## Goal of the exercise
Lines before the one containing "Мужская футболка оверсайз" in the records below are to be left out; that line and all after it, through the end, are to be retyped exactly.

Records excerpted from a collection
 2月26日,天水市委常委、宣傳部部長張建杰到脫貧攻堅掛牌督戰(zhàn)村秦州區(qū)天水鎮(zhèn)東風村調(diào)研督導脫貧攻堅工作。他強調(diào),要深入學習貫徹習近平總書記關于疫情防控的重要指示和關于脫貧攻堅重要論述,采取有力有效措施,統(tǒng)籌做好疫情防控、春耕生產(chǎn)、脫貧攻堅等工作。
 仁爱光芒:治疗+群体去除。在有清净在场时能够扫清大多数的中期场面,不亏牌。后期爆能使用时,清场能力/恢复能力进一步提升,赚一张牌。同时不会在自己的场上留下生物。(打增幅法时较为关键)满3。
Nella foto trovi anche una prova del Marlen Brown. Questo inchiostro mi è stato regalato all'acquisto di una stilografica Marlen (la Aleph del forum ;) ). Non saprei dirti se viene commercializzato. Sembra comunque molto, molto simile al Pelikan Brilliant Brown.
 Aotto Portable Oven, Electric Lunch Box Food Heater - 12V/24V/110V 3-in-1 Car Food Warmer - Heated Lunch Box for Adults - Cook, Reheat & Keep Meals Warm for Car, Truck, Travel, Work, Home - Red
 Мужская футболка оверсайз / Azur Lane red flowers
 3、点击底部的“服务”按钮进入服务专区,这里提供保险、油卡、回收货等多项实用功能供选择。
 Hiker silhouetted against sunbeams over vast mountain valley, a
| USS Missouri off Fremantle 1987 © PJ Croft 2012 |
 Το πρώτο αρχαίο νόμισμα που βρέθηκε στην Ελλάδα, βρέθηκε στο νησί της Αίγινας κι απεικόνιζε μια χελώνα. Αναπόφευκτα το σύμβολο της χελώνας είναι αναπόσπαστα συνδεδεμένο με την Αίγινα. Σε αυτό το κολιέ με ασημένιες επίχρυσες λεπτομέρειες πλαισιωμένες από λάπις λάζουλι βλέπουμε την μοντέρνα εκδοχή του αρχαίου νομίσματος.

## Response to the exercise
 Мужская футболка оверсайз / Azur Lane red flowers
 3、点击底部的“服务”按钮进入服务专区,这里提供保险、油卡、回收货等多项实用功能供选择。
 Hiker silhouetted against sunbeams over vast mountain valley, a
| USS Missouri off Fremantle 1987 © PJ Croft 2012 |
 Το πρώτο αρχαίο νόμισμα που βρέθηκε στην Ελλάδα, βρέθηκε στο νησί της Αίγινας κι απεικόνιζε μια χελώνα. Αναπόφευκτα το σύμβολο της χελώνας είναι αναπόσπαστα συνδεδεμένο με την Αίγινα. Σε αυτό το κολιέ με ασημένιες επίχρυσες λεπτομέρειες πλαισιωμένες από λάπις λάζουλι βλέπουμε την μοντέρνα εκδοχή του αρχαίου νομίσματος.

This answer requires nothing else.